В этой духоте, жаре и мраке несчастные кули махали кирками по десять, двенадцать, а то и по пятнадцать часов. Днем делали небольшой перерыв. Иногда они выходили из штольни, а иногда оставались в забое, прямо тут споласкивали руки и торопливо съедали свой рис, посыпанный солью, запивая его водой из подземного родника. Когда заканчивалась смена и они выходили из штольни, обычно были уже сумерки, но для них, работавших в полном мраке, это был день, это было появление на свет божий из ада. Сдав фонарь, инструмент, они спускались к ручью и здесь умывались, обычно без мыла. Угольная пыль, годами въедавшаяся в кожу, образовала на ней черные, как родинки, пятнышки, отчего кожа приобретала какой-то бурый оттенок.

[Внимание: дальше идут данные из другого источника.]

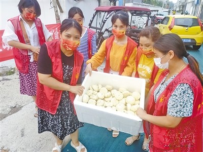 芦堡村巾帼志愿者将蒸好的包子送往防控一线。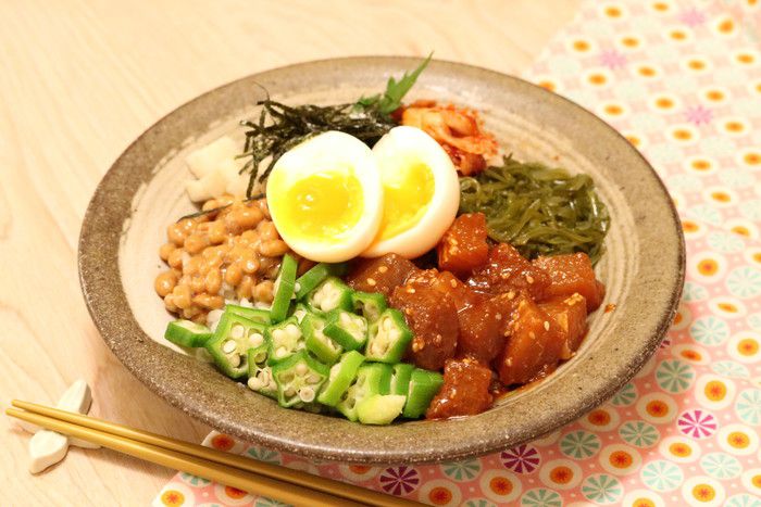 マグロ(さく)150g、納豆1パック、メカブ2パック、ヤマイモ60g、オクラ4本、キムチ60g、半熟卵 2個、シソ2枚、きざみのり各適量、ご飯適量
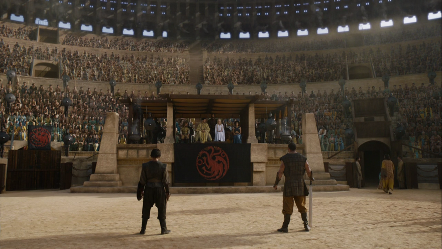 Las Arenas de Combate abren, después de tanta insistencia del prometido de Danerys, Hizdahr; nada más y nada menos que ¡en la plaza de toros de Osuna (Sevilla)! Este escenario representa el gran Coliseo (modificado en postproducción para parecer más espectacular) de Meereen donde tienen lugar los combates entre gladiadores. La Reina, mientras Hizdahr y Daario Naharis mantienen un intenso duelo dialéctico, apenas le muestra interés a los combates. No es de su agrado tanta violencia. Ni tampoco para Tyrion, el cual afirma jocosamente que “siempre ha habido suficiente muerte el mundo para mi gusto. Puedo sobrevivir sin ella en mi tiempo libre”.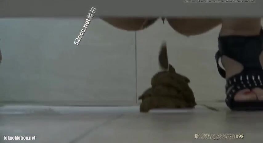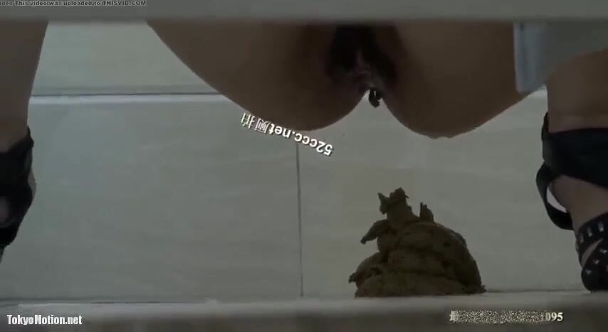 Girl open wide legs and shitting on the toilet floor

Голодный, полумертвый от усталости кули надевал на голову старенький нон, вешал через плечо пустую кошелку и, пошатываясь, плелся домой, к себе в лачугу, прилепившуюся на склоне холма. Там его ждали жена и дети, которые тоже только что вернулись с работы — таскали уголь или толкали вагонетку. Поужинав при свете все той же керосиновой лампы, шахтер заваливался спать, чтобы завтра начать все сначала.

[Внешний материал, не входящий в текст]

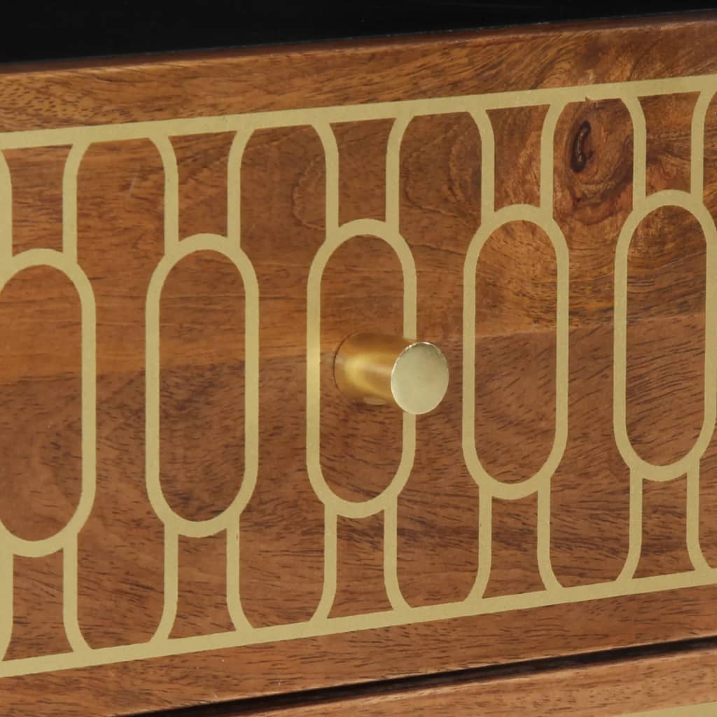 Dieser Nachttisch mit elegantem Design ist eine zeitlose Ergänzung deiner Inneneinrichtung. Massives Mangholz: Massives Mangoholz ist ein robustes, tropisches Hartholz, aus dem sich robuste Möbel herstellen lassen. Seine optisch ansprechende Holzmaserung macht jedes Möbelstück zu einem Unikat. Der Schrank ist aus massivem Mangoholz gefertigt und daher langlebig und stabil.Viel Stauraum: Der Nachttisch ist mit 2 Schubladen und 1 Fach ausgestattet, um verschiedene Sachen ordentlich und griffbereit aufzubewahren.Stabile Oberplatte: Die Oberplatte des Beistellschranks bietet den perfekten Platz, um Dekoartikel, Bilderrahmen und Topfpflanzen zur Schau zu stellen.Starke Beine: Die Eisenbeine tragen zur Robustheit und Stabilität der Nachtkommode bei.Retro-Stil: Mit einem handgeschnitzten Blumenmuster versehen, bringt dieser Nachttisch den Luxus des Retro-Stils in dein Interieur und wird überall ein echter Hingucker sein. Gut zu wissen:Jedes Stück ist ein Unikat, das in Farbe und Maserung variiert. Die Lieferung erfolgt in zufälliger Reihenfolge, wodurch die Exklusivität und Individualität deines Produkts gewährleistet wird. Achtung:Um ein Umkippen zu vermeiden, sollte dieses Produkt mit der mitgelieferten Wandhalterung gesichert werden.

Пока Мам добрался до Даокхе, стало уже почти совсем темно. Поселок состоял из двух рядов низеньких, мрачно-серых от угольной пыли лачуг. Ни единого деревца, глинобитные стены местами обвалились, соломенные крыши подгнили. На весь поселок было несколько таких же пропыленных хозяйственных лавок, почта, харчевня, в витрине которой висел кусок почерневшего мяса и несколько пучков лука. В центре поселка — государственная опиумная лавка, в крохотном, с ладонь, окошке горел огонек керосиновой лампы. Час был поздний, и прохожих на улице мало. Узкоколейка проходила рядом, спускаясь от копей к реке, которая была в километре от Даокхе. Время от времени в дрезине уезжала семья какого-нибудь несчастного кули. Жена и дети сидели в дрезине, среди рваных циновок, пустых кошелок и корзин, а глава семьи, согнувшись, тяжело шагал позади дрезины и толкал ее. Он и сам не знал, куда податься, чтобы спастись от голодной смерти.
Здесь, как и повсюду, голод выпустил свои острые когти. Он угадывался и в нетвердой походке рабочих, и в помутневшем взгляде детишек, слонявшихся по улице. Мам, шагая вдоль линии узкоколейки, дошел до поселка.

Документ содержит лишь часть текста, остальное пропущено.